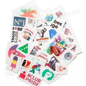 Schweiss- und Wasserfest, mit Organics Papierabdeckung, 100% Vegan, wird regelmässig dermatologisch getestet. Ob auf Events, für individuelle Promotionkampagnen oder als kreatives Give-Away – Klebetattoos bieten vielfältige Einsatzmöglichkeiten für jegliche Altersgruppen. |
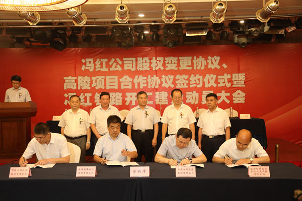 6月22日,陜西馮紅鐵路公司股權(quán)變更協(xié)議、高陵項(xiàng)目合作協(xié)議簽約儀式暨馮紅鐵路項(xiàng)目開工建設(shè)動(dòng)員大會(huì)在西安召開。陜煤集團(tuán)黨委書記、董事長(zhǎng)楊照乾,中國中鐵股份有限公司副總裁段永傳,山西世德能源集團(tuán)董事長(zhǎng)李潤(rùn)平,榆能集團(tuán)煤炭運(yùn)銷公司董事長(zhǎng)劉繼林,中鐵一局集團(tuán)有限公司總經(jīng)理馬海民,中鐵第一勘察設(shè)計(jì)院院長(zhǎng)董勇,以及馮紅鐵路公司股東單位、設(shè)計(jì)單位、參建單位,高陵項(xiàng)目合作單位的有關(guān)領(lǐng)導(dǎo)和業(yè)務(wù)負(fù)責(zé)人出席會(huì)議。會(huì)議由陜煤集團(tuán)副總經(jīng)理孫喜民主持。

==

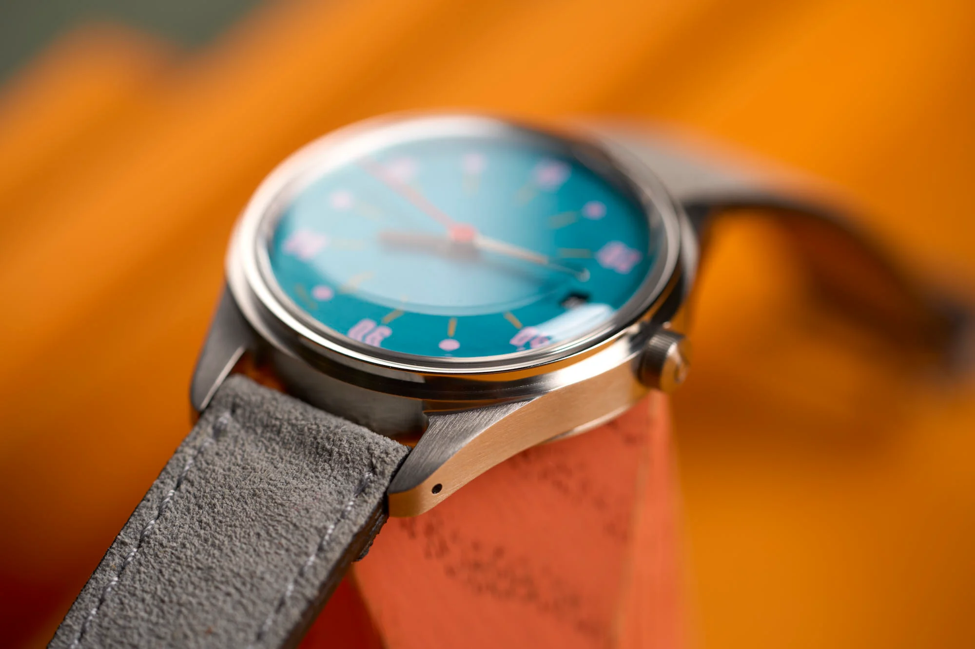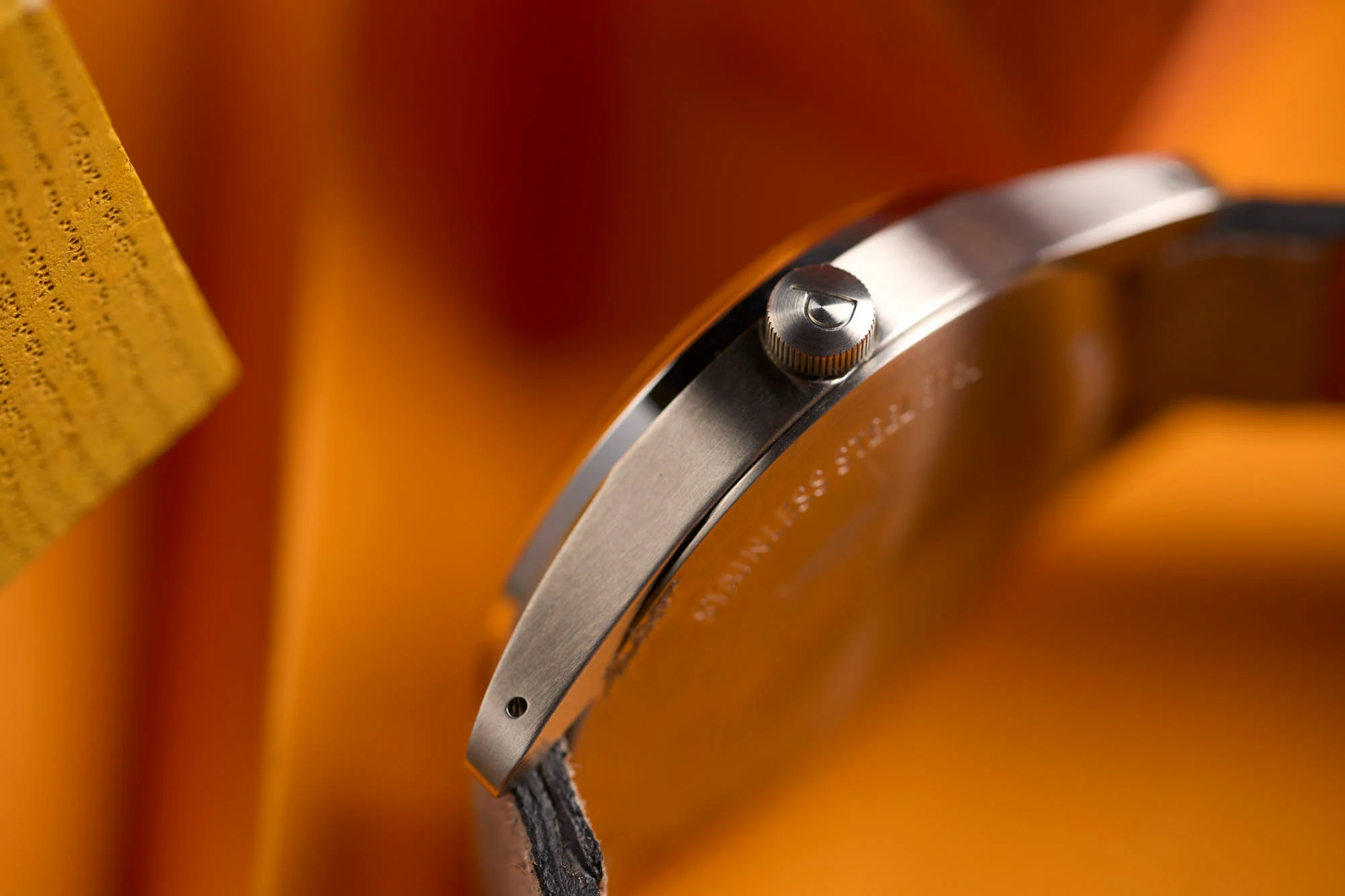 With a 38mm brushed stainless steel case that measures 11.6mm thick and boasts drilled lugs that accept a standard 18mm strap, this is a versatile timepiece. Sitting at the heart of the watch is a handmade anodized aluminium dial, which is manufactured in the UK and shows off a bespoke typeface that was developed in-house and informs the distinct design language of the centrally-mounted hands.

■ **Task directions**
All lines above from the one containing "Schweiss- und Wasserfest, mit" up to and including the one containing "6月22日,陜西馮紅鐵路公司" are to be set down exactly, and nothing else. Leave images out.

■ **Your response**
 Schweiss- und Wasserfest, mit Organics Papierabdeckung, 100% Vegan, wird regelmässig dermatologisch getestet. Ob auf Events, für individuelle Promotionkampagnen oder als kreatives Give-Away – Klebetattoos bieten vielfältige Einsatzmöglichkeiten für jegliche Altersgruppen. |
 6月22日,陜西馮紅鐵路公司股權(quán)變更協(xié)議、高陵項(xiàng)目合作協(xié)議簽約儀式暨馮紅鐵路項(xiàng)目開工建設(shè)動(dòng)員大會(huì)在西安召開。陜煤集團(tuán)黨委書記、董事長(zhǎng)楊照乾,中國中鐵股份有限公司副總裁段永傳,山西世德能源集團(tuán)董事長(zhǎng)李潤(rùn)平,榆能集團(tuán)煤炭運(yùn)銷公司董事長(zhǎng)劉繼林,中鐵一局集團(tuán)有限公司總經(jīng)理馬海民,中鐵第一勘察設(shè)計(jì)院院長(zhǎng)董勇,以及馮紅鐵路公司股東單位、設(shè)計(jì)單位、參建單位,高陵項(xiàng)目合作單位的有關(guān)領(lǐng)導(dǎo)和業(yè)務(wù)負(fù)責(zé)人出席會(huì)議。會(huì)議由陜煤集團(tuán)副總經(jīng)理孫喜民主持。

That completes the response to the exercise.